- **TRY IT**: Taking the entries below, transcribe only the lines starting with the one with "得法法中乐,真修修成佛。 无私天地宽,为公心胸阔。 三事要做好,法救众生乐。" and going on through the one with "Het brede aluminium", exactly as written, without the pictures.

+++

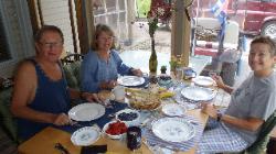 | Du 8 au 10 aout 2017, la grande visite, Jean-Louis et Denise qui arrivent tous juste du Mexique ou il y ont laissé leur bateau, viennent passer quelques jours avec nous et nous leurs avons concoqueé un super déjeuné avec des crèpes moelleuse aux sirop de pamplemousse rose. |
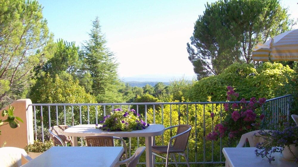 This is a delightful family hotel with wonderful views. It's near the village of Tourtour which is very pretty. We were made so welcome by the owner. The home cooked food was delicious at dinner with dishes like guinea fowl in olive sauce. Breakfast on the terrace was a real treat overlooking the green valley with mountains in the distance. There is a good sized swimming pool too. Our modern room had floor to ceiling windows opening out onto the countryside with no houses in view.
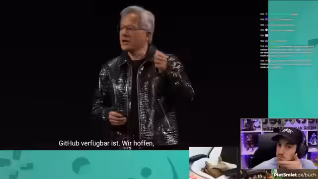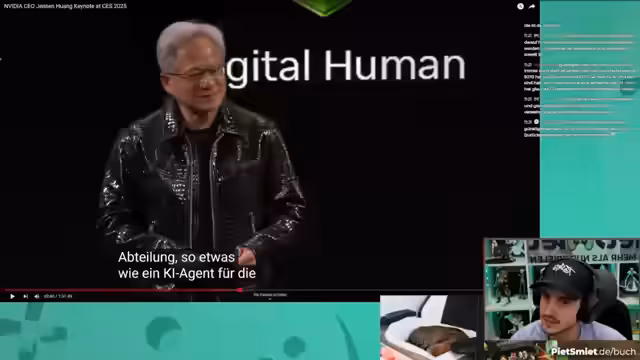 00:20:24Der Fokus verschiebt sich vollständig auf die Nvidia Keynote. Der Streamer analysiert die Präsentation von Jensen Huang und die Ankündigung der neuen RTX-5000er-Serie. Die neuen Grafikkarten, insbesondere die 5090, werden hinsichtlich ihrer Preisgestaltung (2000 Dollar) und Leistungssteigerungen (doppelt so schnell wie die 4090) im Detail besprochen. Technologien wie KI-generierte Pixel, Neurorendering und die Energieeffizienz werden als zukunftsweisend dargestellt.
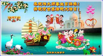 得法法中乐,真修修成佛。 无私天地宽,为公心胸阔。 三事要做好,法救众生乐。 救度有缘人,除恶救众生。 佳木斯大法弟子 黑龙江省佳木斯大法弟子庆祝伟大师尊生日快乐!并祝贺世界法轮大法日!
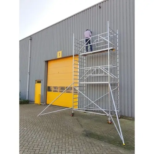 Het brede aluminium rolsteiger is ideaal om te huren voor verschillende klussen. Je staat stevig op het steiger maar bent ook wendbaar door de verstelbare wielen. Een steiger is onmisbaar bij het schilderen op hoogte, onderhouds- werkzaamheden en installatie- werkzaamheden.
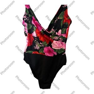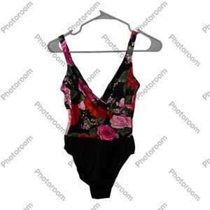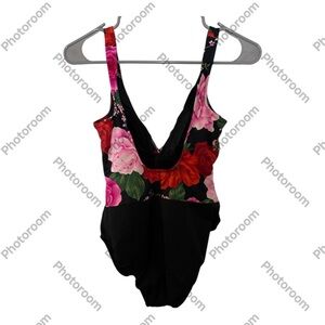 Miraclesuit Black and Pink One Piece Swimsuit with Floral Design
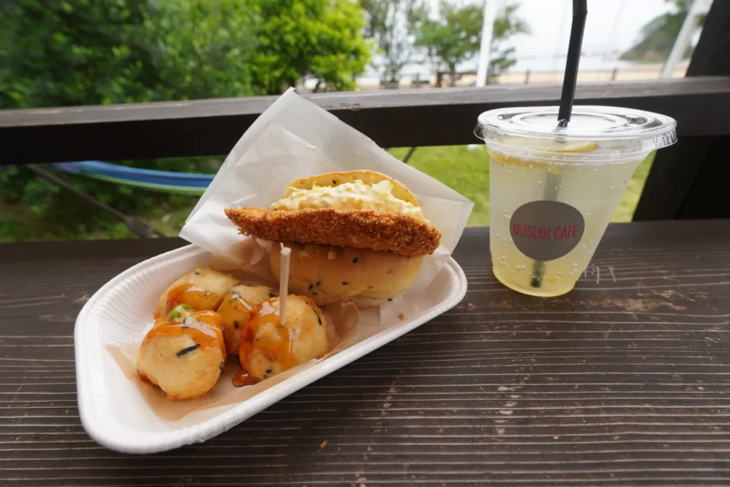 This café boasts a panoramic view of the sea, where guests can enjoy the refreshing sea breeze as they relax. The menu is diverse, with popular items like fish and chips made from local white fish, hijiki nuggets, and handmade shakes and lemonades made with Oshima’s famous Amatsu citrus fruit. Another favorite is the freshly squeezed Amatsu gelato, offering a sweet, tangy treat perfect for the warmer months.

+++

- **EXERCISE ANSWER**:
 得法法中乐,真修修成佛。 无私天地宽,为公心胸阔。 三事要做好,法救众生乐。 救度有缘人,除恶救众生。 佳木斯大法弟子 黑龙江省佳木斯大法弟子庆祝伟大师尊生日快乐!并祝贺世界法轮大法日!
 Het brede aluminium rolsteiger is ideaal om te huren voor verschillende klussen. Je staat stevig op het steiger maar bent ook wendbaar door de verstelbare wielen. Een steiger is onmisbaar bij het schilderen op hoogte, onderhouds- werkzaamheden en installatie- werkzaamheden.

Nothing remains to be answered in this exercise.